Serpent (le) et la Lime (V, 16)En 1666 Boileau venait de publier ses premières « Satires » et était en butte à de violentes attaques. Est-ce pour cela que La Fontaine a composé cette fable afin de le défendre  contre ses ennemis ?  Ceci s’adresse à vous, esprits du dernier ordre,
Qui n’étant bons à rien cherchez sur tout à mordre.
Vous vous tourmentez vainement.
Croyez-vous que vos dents impriment leurs outrages
Sur tant de beaux ouvrages ?
(1) Ils sont pour vous d’airain, d’acier, de diamant . 
(1) La Fontaine s’indigne ici contre les critiques.
Simonide préservé par les Dieux (1, 14) Le fait anecdotique concerne le poète grec Simonide de Céos(- 556 env.-467) créateur supposé de l’ode  en l’honneur des vainqueurs des jeux Olympiques.On ne peut trop louer trois sortes de personnes : 
Les Dieux, sa maîtresse et son roi.
Malherbe le disait ; j’y souscris quant à moi : 
Ce sont maximes toujours bonnes.
Cette fable est un appel éventuel aux mécénats pour les gens de lettres
Singe (le) (XII, 19) Le thème du plagiat, traité  dans « Le Singe » a déjà été évoqué par La Fontaine dans « Le Geai paré des plumes du Paon » (IV, 9). Ici, il montre un peu plus d’exaspération… Le plagiaire serait (peut-être…) Furetière.

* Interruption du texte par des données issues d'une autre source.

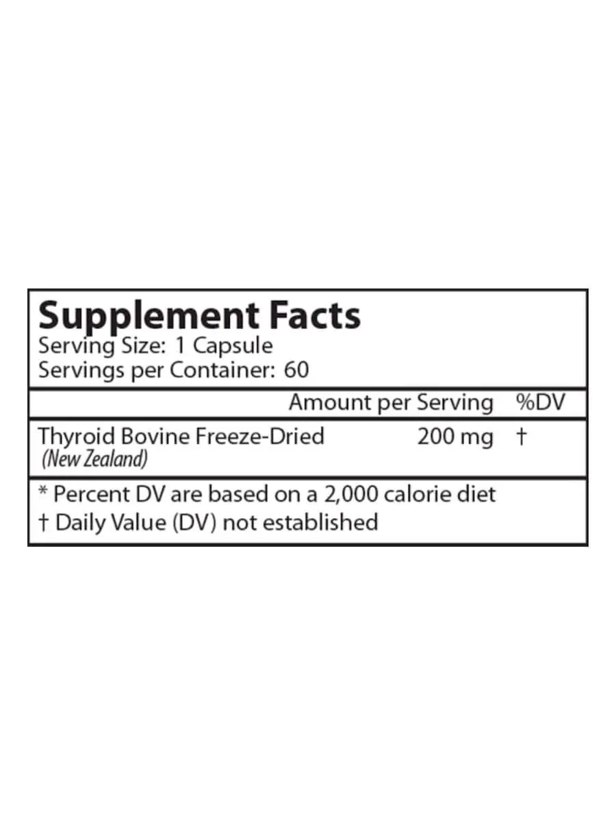 Thyroid Gland — This dietary supplement is designed to support thyroid health and function, particularly for individuals with suboptimal gland functioning. Each capsule contains freeze-dried bovine thyroid glands sourced from grass-fed, free-range New Zealand cattle, ensuring high quality and efficacy. Ideal for adults and children aged twelve and older, this supplement is free from common allergens such as wheat, gluten, corn, dairy, soy, and yeast.
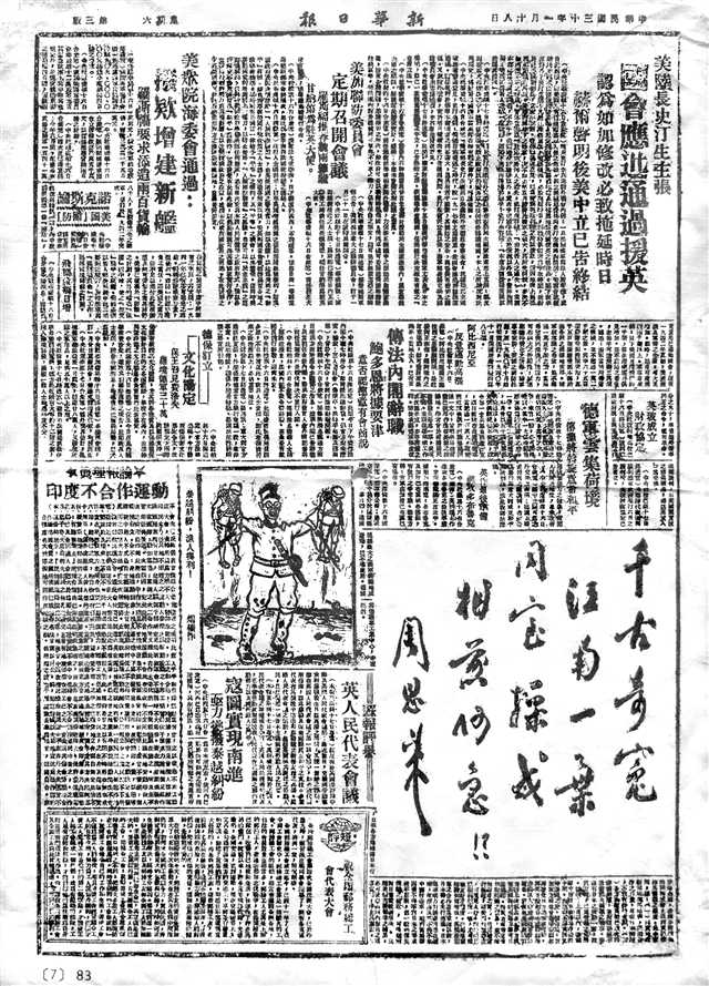 1941年1月18日,刊登有周恩来为“皖南事变”题词的《新华日报》版面。(本报资料图片)

Le singe imite tout de la nature humaine… 
N’attendez rien de bon du Peuple imitateur ,
Qu’il soit Singe ou qu’il fasse un livre. 
La pire espèce, c’est l’Auteur.
Singe (le) et le Chat (IX, 17)……………………………………. Raton (1) 
N’était pas content, ce dit-on.
Aussi ne le sont pas la plupart de ces princes
Qui, flattés d’un pareil emploi,
Vont s’échauder en des Provinces
Pour le profit de quelque Roi.
(1) C’est lui, le chat, qui avait « tiré les marrons du feu » avec sa patte, au profit du singe qui les avait mangés au fur et à mesure.
Singe (le) et le Dauphin (IV, 7)De telles gens (1) il est beaucoup,
Qui prendraient Vaugirard pour Rome,
Et qui, caquetants au plus dru,
Parlent de tout et n’ont rien vu.
(1) comme le singe, sauvé du naufrage par le dauphin qui l’avait pris pour un homme.
A la question du dauphin lui demandant s’il connaissait le Pirée, le singe répondit qu’il l’avait pour ami… et se trouva rejeté à la mer par le dauphin qui se rendit alors compte de son erreur.